* What needs to be done: Copying rule for the data below: pictures stay out, and only the lines from the one with "The bishop can" down to the one with "The equilibrium solution", inclusive, are repeated exactly.

Provided records Block Start

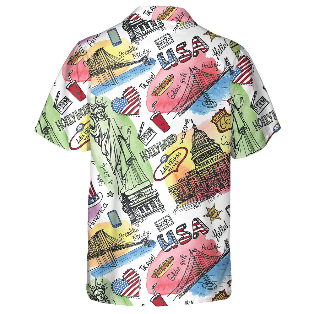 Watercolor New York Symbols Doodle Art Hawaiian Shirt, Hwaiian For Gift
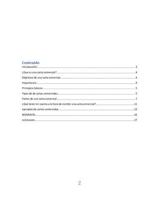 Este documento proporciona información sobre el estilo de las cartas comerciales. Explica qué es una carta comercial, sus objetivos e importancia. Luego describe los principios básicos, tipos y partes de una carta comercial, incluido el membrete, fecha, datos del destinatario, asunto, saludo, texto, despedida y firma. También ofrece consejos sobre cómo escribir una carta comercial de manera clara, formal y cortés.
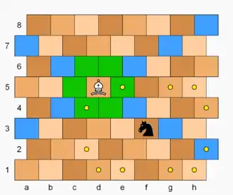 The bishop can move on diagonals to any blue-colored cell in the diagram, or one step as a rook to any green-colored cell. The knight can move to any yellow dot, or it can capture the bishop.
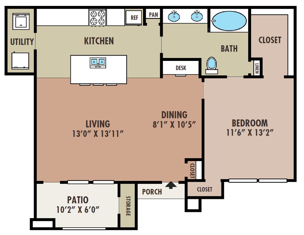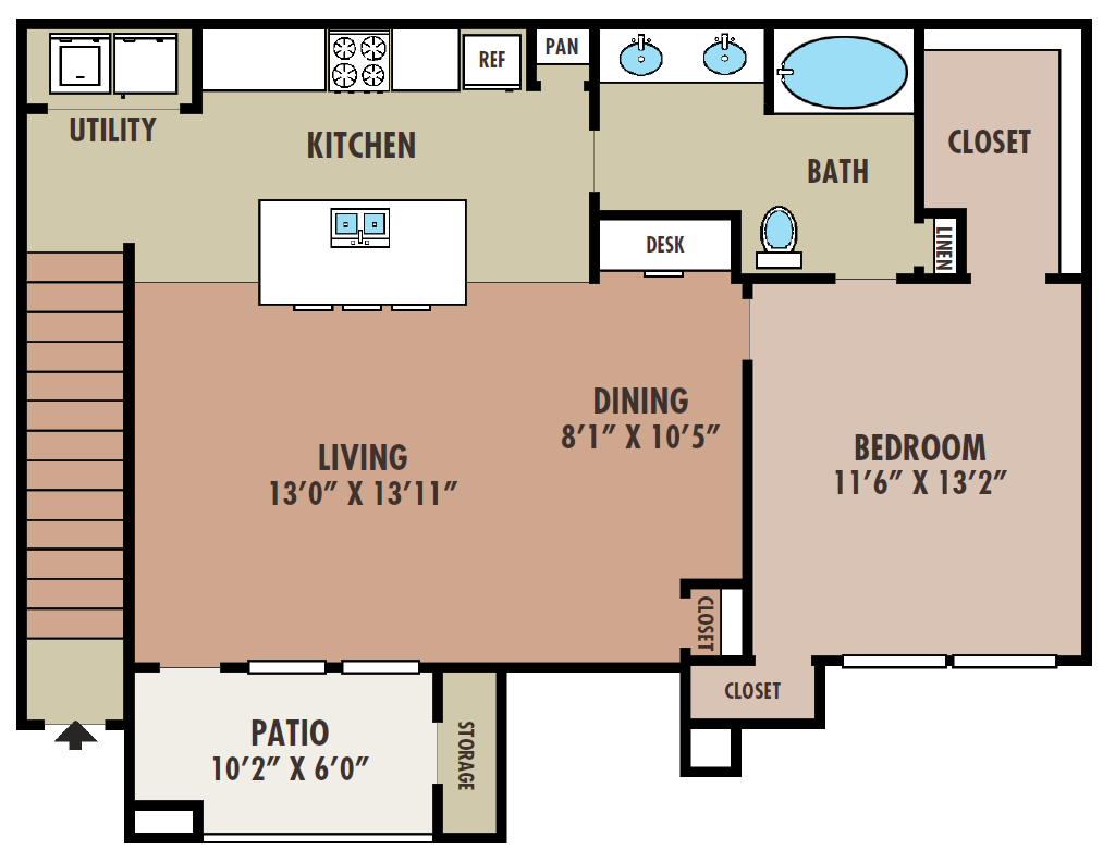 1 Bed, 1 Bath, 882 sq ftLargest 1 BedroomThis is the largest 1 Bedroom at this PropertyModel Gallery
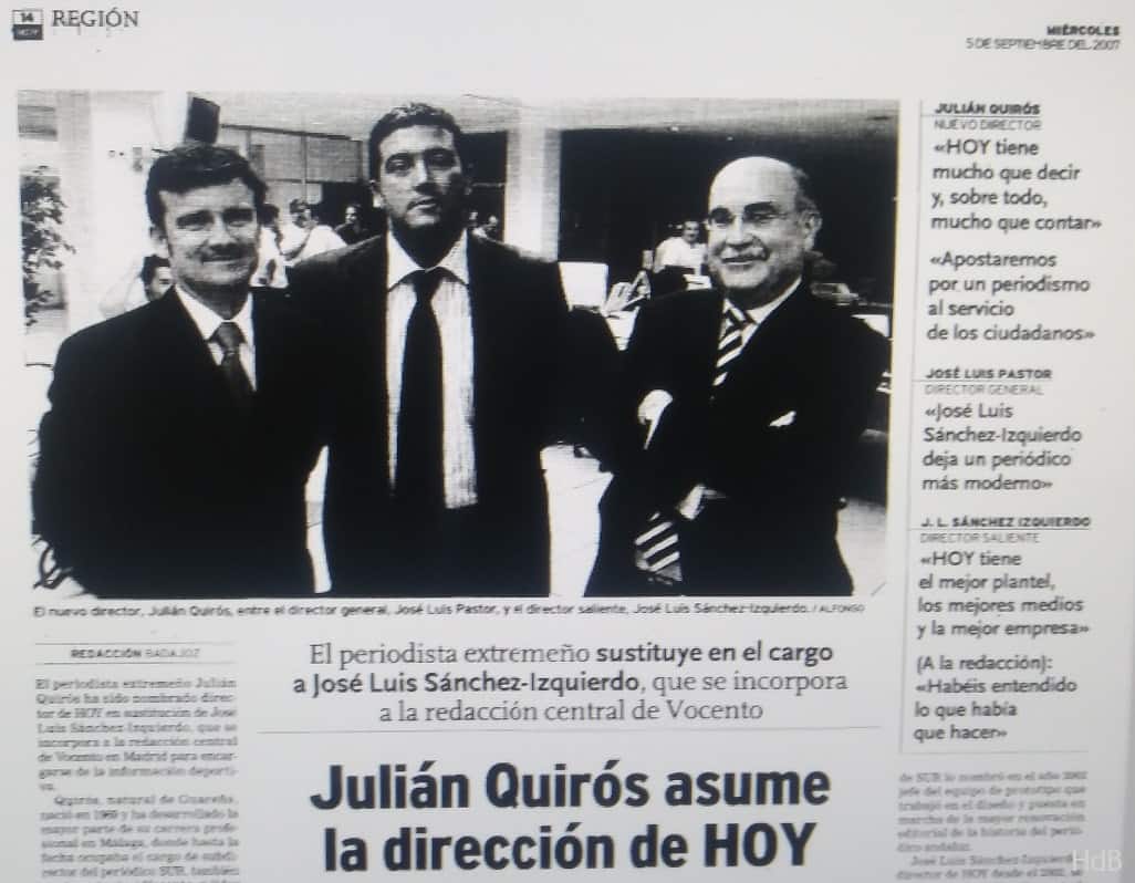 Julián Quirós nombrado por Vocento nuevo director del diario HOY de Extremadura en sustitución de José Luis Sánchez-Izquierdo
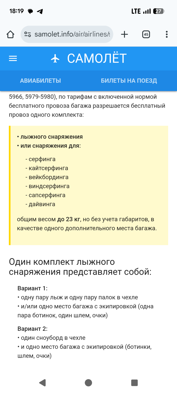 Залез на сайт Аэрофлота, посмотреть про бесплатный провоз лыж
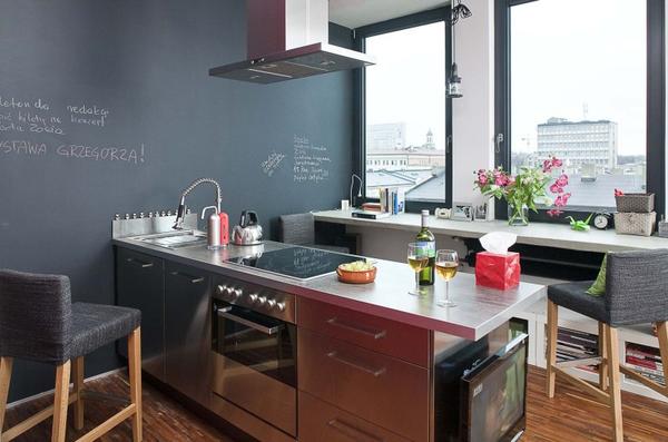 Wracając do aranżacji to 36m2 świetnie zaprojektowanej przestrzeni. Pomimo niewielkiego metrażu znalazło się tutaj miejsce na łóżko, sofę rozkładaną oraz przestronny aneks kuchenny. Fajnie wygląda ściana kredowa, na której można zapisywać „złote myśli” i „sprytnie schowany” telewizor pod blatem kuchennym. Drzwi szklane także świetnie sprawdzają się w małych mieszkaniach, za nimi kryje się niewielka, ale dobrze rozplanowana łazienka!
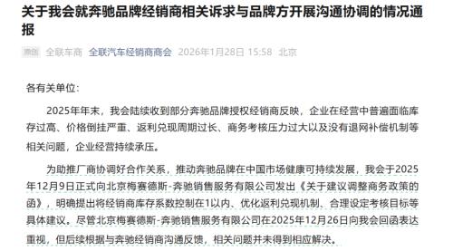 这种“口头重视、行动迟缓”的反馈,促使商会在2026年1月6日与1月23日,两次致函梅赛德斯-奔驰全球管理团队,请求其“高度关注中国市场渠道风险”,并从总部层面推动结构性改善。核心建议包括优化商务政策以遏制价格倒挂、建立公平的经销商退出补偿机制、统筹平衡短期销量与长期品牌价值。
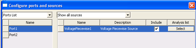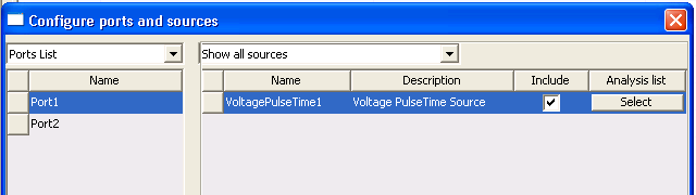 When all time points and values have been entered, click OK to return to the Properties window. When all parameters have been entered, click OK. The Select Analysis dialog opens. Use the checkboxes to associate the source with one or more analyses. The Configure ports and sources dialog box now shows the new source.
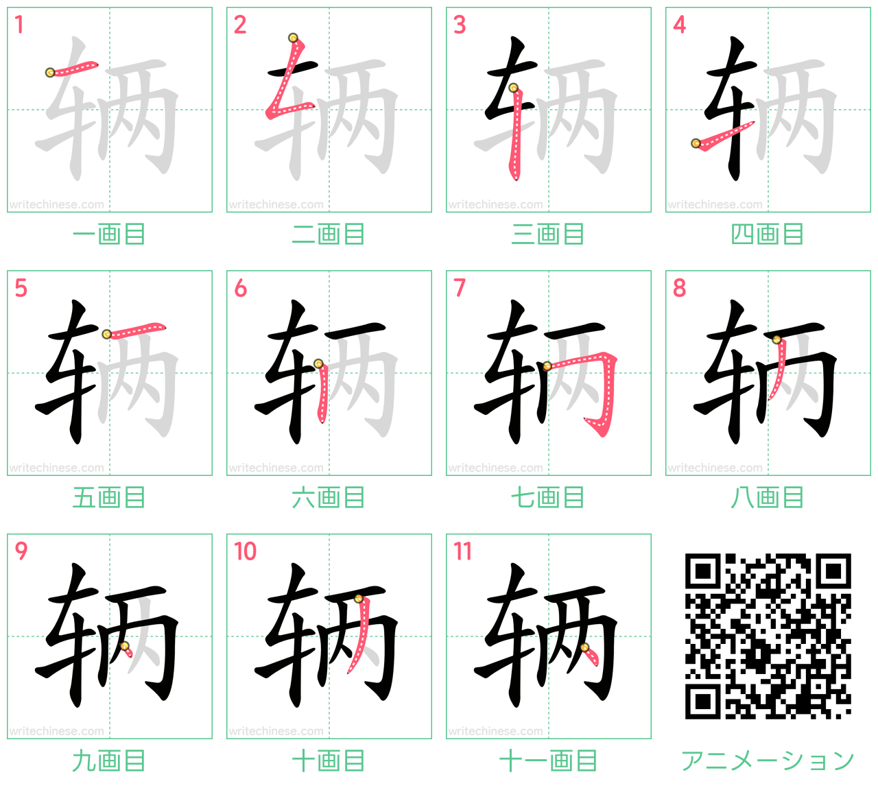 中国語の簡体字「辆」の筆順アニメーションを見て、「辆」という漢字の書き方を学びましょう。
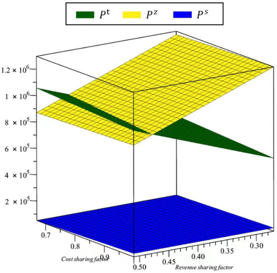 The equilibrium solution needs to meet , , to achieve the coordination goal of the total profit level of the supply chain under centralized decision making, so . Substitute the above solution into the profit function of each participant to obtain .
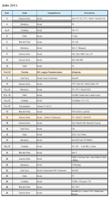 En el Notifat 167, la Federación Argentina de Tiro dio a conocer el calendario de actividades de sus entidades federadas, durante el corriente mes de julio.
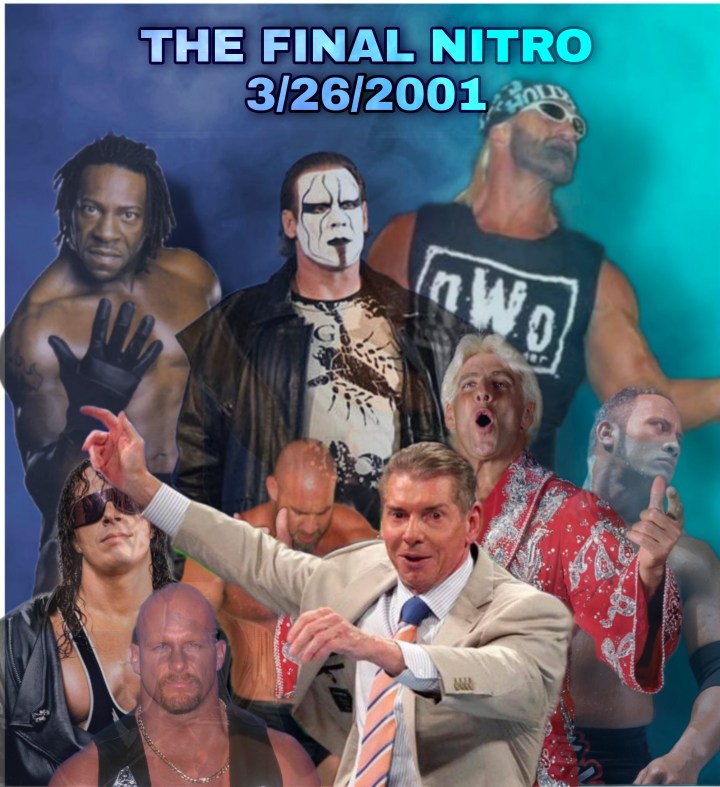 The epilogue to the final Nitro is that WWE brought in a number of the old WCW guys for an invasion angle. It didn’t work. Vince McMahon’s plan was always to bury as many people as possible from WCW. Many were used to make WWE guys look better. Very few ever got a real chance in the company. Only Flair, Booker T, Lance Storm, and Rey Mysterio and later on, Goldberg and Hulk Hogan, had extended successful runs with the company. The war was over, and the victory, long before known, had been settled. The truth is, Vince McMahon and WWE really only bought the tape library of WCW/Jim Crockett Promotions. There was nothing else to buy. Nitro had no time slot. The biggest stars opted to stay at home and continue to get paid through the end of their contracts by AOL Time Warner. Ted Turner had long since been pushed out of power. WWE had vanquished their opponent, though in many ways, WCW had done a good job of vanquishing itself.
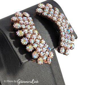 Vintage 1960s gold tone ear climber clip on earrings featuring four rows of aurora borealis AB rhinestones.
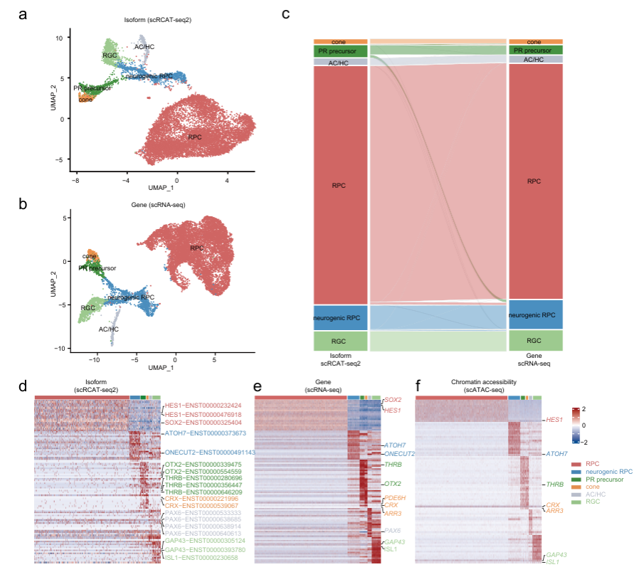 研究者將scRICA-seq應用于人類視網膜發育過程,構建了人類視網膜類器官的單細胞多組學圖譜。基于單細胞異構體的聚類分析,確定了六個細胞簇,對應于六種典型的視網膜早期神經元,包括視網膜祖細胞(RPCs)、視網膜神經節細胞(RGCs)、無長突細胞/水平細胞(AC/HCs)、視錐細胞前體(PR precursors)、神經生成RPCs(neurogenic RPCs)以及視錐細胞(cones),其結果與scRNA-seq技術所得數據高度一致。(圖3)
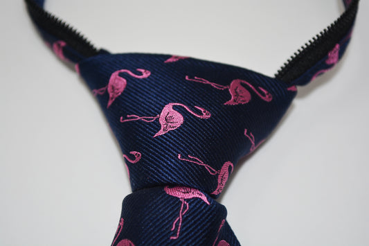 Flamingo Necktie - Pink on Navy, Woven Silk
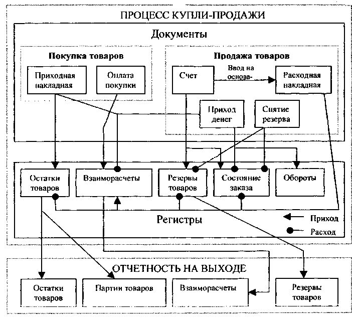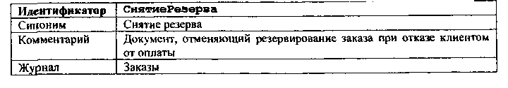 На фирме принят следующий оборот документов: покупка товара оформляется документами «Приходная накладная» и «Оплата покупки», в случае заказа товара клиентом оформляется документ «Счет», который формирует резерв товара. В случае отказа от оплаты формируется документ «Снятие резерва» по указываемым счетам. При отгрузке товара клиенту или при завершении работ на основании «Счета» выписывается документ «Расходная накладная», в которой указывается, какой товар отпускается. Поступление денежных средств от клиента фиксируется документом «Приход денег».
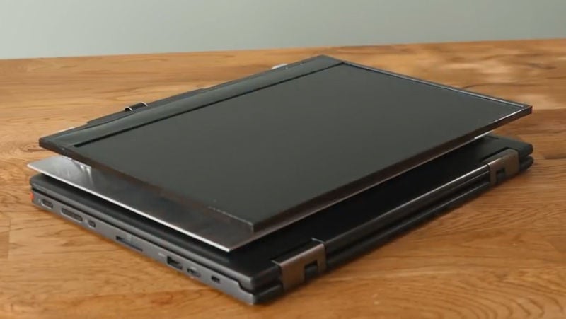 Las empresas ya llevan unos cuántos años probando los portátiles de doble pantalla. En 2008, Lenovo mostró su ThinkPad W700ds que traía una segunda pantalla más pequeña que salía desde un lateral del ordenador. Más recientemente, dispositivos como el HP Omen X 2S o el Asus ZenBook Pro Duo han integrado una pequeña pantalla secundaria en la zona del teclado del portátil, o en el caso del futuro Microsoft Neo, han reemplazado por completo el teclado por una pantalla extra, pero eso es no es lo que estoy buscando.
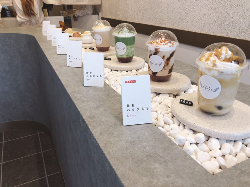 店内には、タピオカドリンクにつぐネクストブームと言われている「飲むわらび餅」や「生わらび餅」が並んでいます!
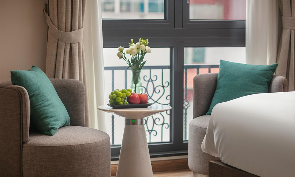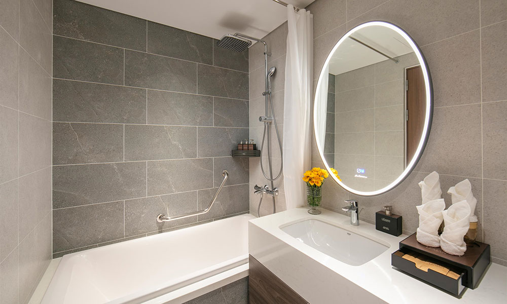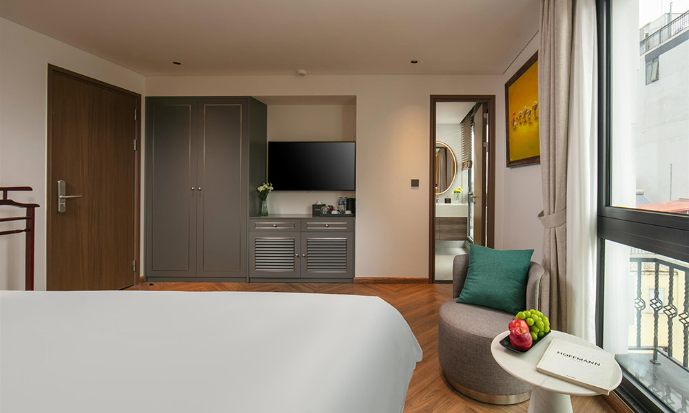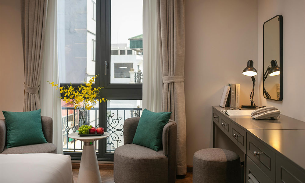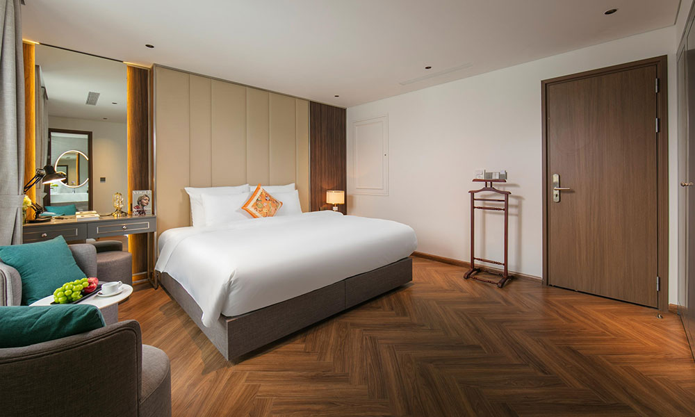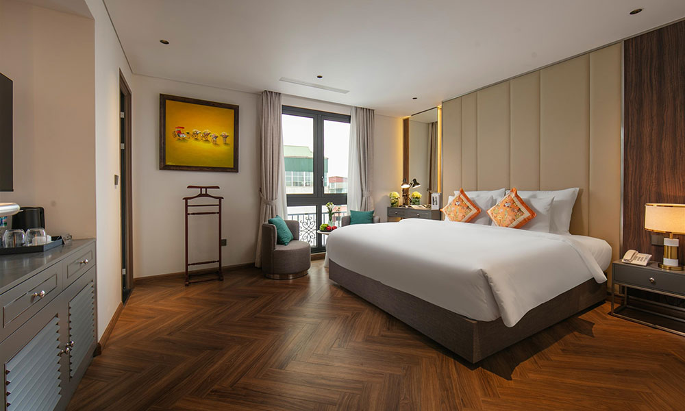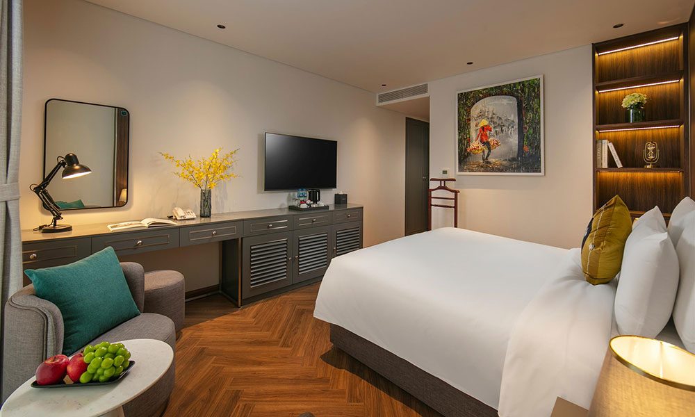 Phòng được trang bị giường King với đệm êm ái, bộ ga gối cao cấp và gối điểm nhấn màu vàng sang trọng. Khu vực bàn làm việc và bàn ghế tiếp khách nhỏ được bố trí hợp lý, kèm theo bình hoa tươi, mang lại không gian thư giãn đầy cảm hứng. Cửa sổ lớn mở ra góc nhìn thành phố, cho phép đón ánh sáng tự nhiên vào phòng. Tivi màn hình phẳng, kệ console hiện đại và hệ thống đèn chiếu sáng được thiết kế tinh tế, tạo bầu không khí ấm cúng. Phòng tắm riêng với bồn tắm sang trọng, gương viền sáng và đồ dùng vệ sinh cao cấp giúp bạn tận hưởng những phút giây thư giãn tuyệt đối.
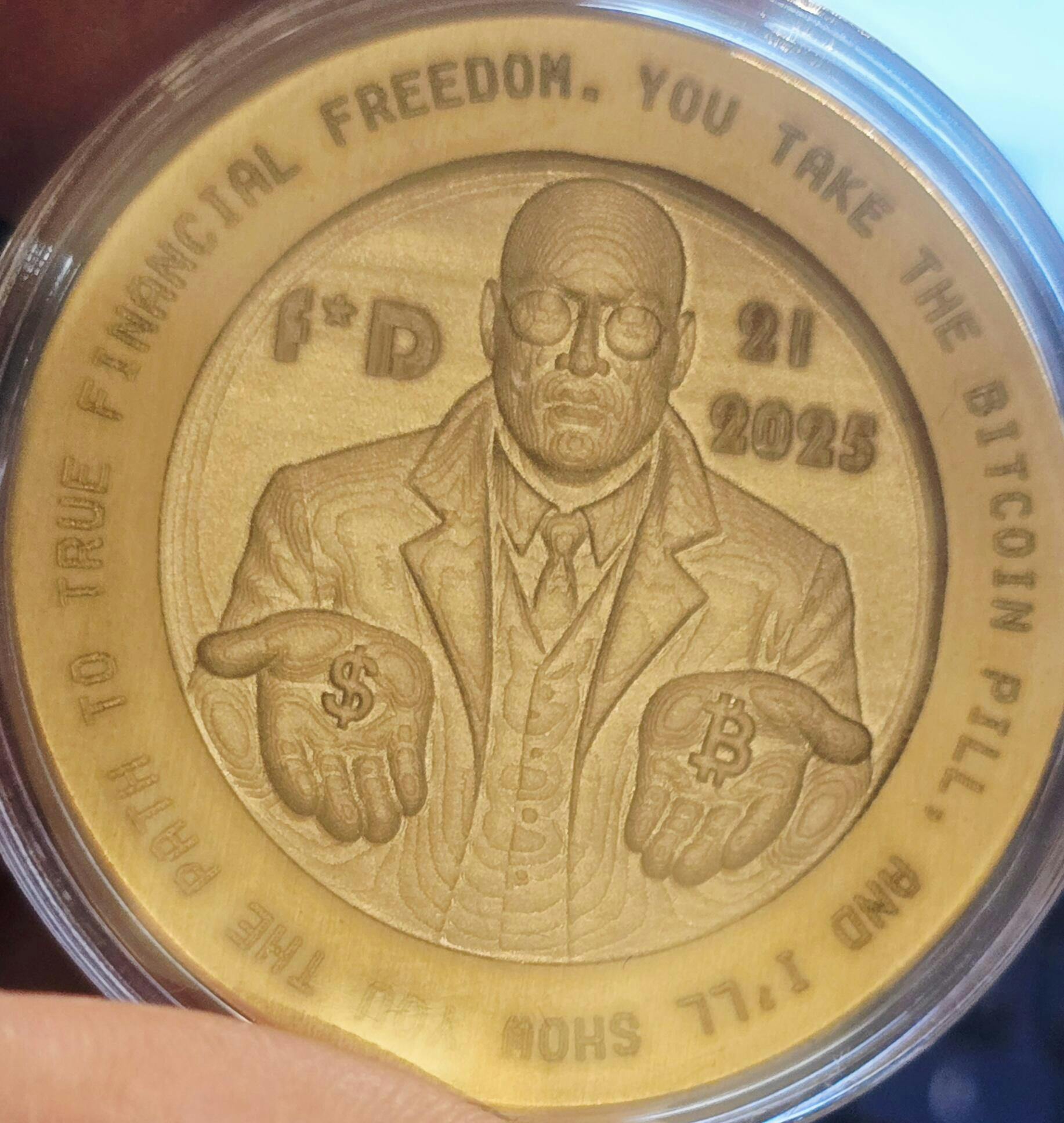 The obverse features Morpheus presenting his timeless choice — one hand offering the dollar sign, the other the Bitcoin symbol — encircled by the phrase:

Provided records Block End

* Task solution:
 The bishop can move on diagonals to any blue-colored cell in the diagram, or one step as a rook to any green-colored cell. The knight can move to any yellow dot, or it can capture the bishop.
 1 Bed, 1 Bath, 882 sq ftLargest 1 BedroomThis is the largest 1 Bedroom at this PropertyModel Gallery
 Julián Quirós nombrado por Vocento nuevo director del diario HOY de Extremadura en sustitución de José Luis Sánchez-Izquierdo
 Залез на сайт Аэрофлота, посмотреть про бесплатный провоз лыж
 Wracając do aranżacji to 36m2 świetnie zaprojektowanej przestrzeni. Pomimo niewielkiego metrażu znalazło się tutaj miejsce na łóżko, sofę rozkładaną oraz przestronny aneks kuchenny. Fajnie wygląda ściana kredowa, na której można zapisywać „złote myśli” i „sprytnie schowany” telewizor pod blatem kuchennym. Drzwi szklane także świetnie sprawdzają się w małych mieszkaniach, za nimi kryje się niewielka, ale dobrze rozplanowana łazienka!
 这种“口头重视、行动迟缓”的反馈,促使商会在2026年1月6日与1月23日,两次致函梅赛德斯-奔驰全球管理团队,请求其“高度关注中国市场渠道风险”,并从总部层面推动结构性改善。核心建议包括优化商务政策以遏制价格倒挂、建立公平的经销商退出补偿机制、统筹平衡短期销量与长期品牌价值。
 When all time points and values have been entered, click OK to return to the Properties window. When all parameters have been entered, click OK. The Select Analysis dialog opens. Use the checkboxes to associate the source with one or more analyses. The Configure ports and sources dialog box now shows the new source.
 中国語の簡体字「辆」の筆順アニメーションを見て、「辆」という漢字の書き方を学びましょう。
 The equilibrium solution needs to meet , , to achieve the coordination goal of the total profit level of the supply chain under centralized decision making, so . Substitute the above solution into the profit function of each participant to obtain .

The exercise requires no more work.